Recursion & Tree

• Binary tree 往往是最常见的，和recursion结合最紧密的面试题目类型
  • 树本身就是Recursive的结构！
  • 每层的node具备的性质，传递的值和下一层的性质往往一致。比较容易定义recursive rule
  • Base case(generally):null pointer under the leaf node, Base case usually refers to the null childNode below leaf.

从下往上反值

• Way of thinking (相当于后序遍历 - int ,bool,etc.)
  • 1.What do you expect from your lchild/rhild? (usually it is the return type of the recursion type)
  • 2.What do you want to do in the current layer?
  • 3.What do you want to report to your parent?(same as Q1 == Q3)

104. Maximum Depth of Binary Tree

• 1 Child: 问左右两个孩子要一个值
• 2 Current: 当前层拿到左右孩子的值可以做些处理
• 3 Parent: 向父节点返回的值和child要的值要一样就接上了！！

# Time : O(n), Space : O(n)
# Post Order
class Solution(object):
    def maxDepth(self, root):
        if not root:
            return 0
        left = self.maxDepth(root.left)
        right = self.maxDepth(root.right)
        return max(left,right) + 1

111. Minimum Depth of Binary Tree

每个节点的状态可以划分为：

• 叶子节点 - lchild is None, rchild is None
• 有两个孩子 - lchild is not None, rchild is not None
• 有一个孩子 - not left child OR not right child

class Solution(object):
    def minDepth(self, root):
        if not root:
            return 0
        if not root.left or not root.right:
            return self.minDepth(root.left) + self.minDepth(root.right) + 1
        return min(self.minDepth(root.left), self.minDepth(root.right)) + 1

* 从下往上反值 - 统计tree里每个node的左子树有多少个node？
* 从下往上返值 - Find the node with **max difference** in the total number of descendents in its left subtree and right subtree

110. Balanced Binary Tree

A binary tree in which the depth of the two subtrees of every node never differ by more than 1.

# Time : O(nlogn), Space : O(n)
class Solution(object):
    def height(self, root):
        if not root:
            return 0
        return max(self.height(root.left), self.height(root.right)) + 1

    def isBalanced(self, root):
        if not root:
            return True
        left = self.height(root.left)
        right = self.height(root.right)
        if abs(left-right) > 1:
            return False
        return self.isBalanced(root.left) and self.isBalanced(root.right)

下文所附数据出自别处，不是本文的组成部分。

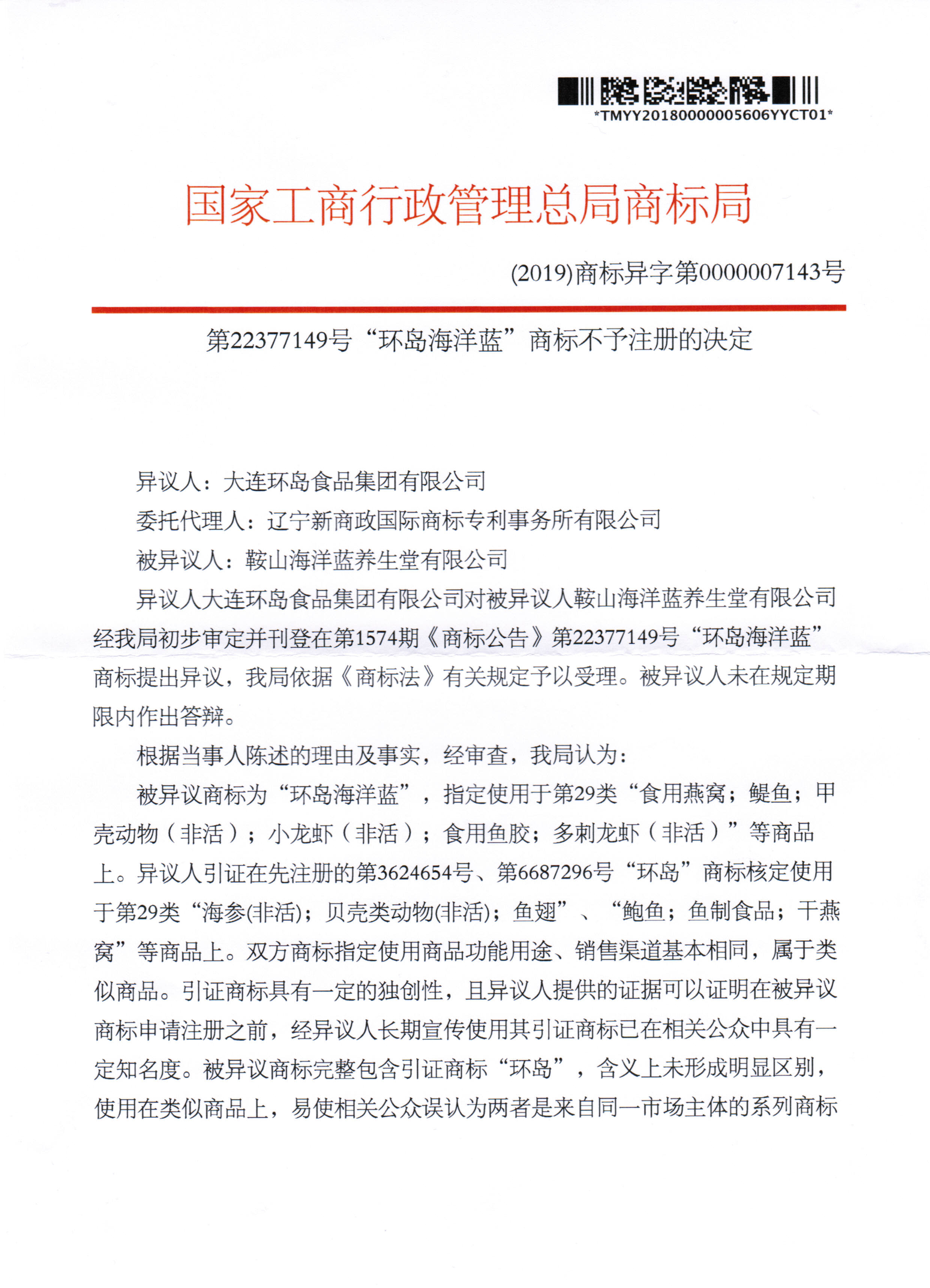 新商政代理环岛集团“环岛海洋蓝”商标异议申请案获胜

# Time : O(n), Space : O(n)
class Solution(object):
    def isBalanced(self, root):
        return self.dfs(root) != -1

    def dfs(self, root):
        if not root:
            return 0
        left = self.dfs(root.left)
        if left == -1:  return -1

        right = self.dfs(root.right)
        if right == -1: return -1

        if abs(left - right) > 1:
            return -1
        return max(left, right) + 1

101. Symmetric Tree

• 判断空间复杂度的时候一定要注意树不一定是balanced的！！！

# Time : O(n), Space : O(n)
class Solution(object):
    def isSymmetric(self, root):
        return self.isMirror(root, root)
    def isMirror(self, root1, root2):
        if not root1 and not root2:
            return True
        elif not root1 or not root2:
            return False
        else:
            return ( root1.val == root2.val
                and self.isMirror(root1.left, root2.right)
                and self.isMirror(root1.right, root2.left))

226. Invert Binary Tree

class Solution(object):
    def invertTree(self, root):
        if not root:
            return None
        root.left, root.right = self.invertTree(root.right), self.invertTree(root.left)
        return root

Google: 90% of our engineers use the software you wrote (Homebrew), but you can’t invert a binary tree on a whiteboard so f* off.